Early recommendations for saturated fat intake (for example, see Food and Nutrition Board, National Research Council, 1989) were <10% total energy intake. The Institute of Medicine (2002) now suggests neither a specific RDA nor a tolerable upper intake level for saturated fats, but notes that any incremental increase in saturated fatty acid intake raises CHD risk.
Ancestral humans did obtain a minimal amount of trans-fatty acids from their mother's milk during infancy and from the flesh of certain herbivores (wild ruminant flesh contains small (3–5%) amounts of trans-11-vaccenic acid and cis-9, trans-1-conjugated dienes). After absorption these fatty acids are largely converted to cis-9, trans-11-conjugated linoleic acid isomers, for which limited evidence indicates anti-carcinogenic and anti-atherogenic activity (Kritchevsky et al. 2000; Institute of Medicine, 2002), but the total percentage from these sources was small in relation to that now consumed by Americans, which largely because of new manufacturing processes such as hydrogenation approaches 2% total energy intake (Institute of Medicine, 2002).

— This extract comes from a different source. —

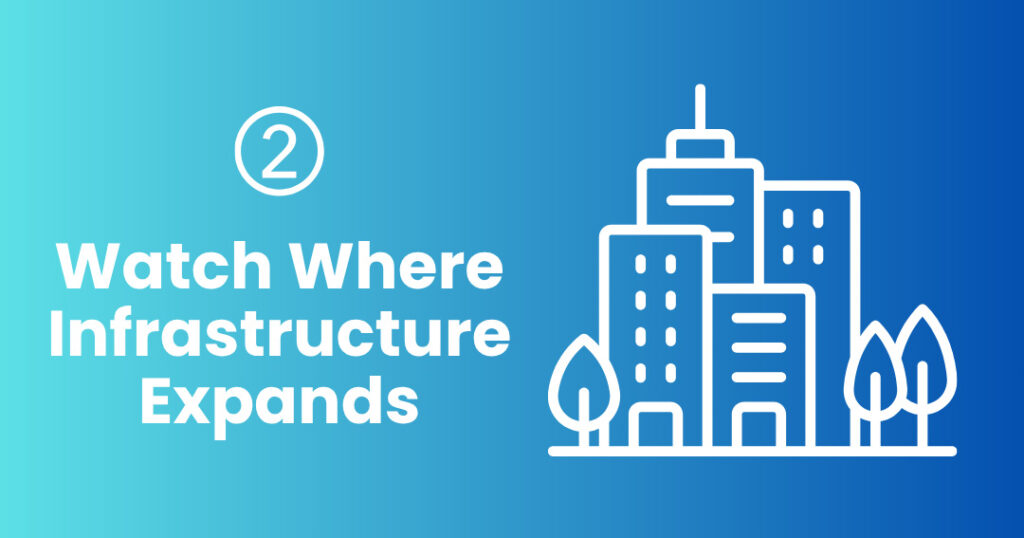 Road expansions, hospitals, and new developments create investment corridors.

In the USA total PUFA consumption is estimated to average about 15 g/d, with n-6 PUFA intake about ten times that of n-3 PUFA (Institute of Medicine, 2002). The best available estimate of ancestral human intake suggests that total PUFA intake was nearly twice present levels, almost entirely a result of more n-3 PUFA so that n-6:n-3 was closer to unity, perhaps 2:1 (Eaton et al. 1998; Cordain et al. 2002a). Current US recommendations are quite different, about 8:1 (Institute of Medicine, 2002).
Most contemporary n-6 and n-3 PUFA intake occurs as C18n-6, linoleic acid (18:3n-6), and C18n-3, α-linoleic acid (18:3n-3). These PUFA can be converted slowly to longer-chain derivatives, arachidonic acid (20:4n-6), EPA (20:5n-3) and DHA (22:6n-3), which appear to be more important structurally as membranous constituents and biochemically as eicosanoid precursors and biological response modifiers. The fatty acid profile of wild game animals differs greatly from that of grain-fed commercial stock (Cordain et al. 2005), making it likely that ancestral humans had higher total intakes of these longer-chain PUFA, probably ten times as much or more, and that the proportion of n-3 forms (EPA and DHA) relative to the chief n-6 constituent (arachidonic acid) was substantially greater than at present, an arachidonic acid:EPA+DHA of from 1·5 to 2·0 (Eaton et al. 1998; Cordain et al. 2002a). The Institute of Medicine (2002) recommends that EPA and DHA intake is ≤10% total n-3 PUFA intake. This level accords well with retrojected Stone Age experience, but total ancestral EPA+DHA intake would still have been much higher than at present because of higher total n-3 PUFA intake.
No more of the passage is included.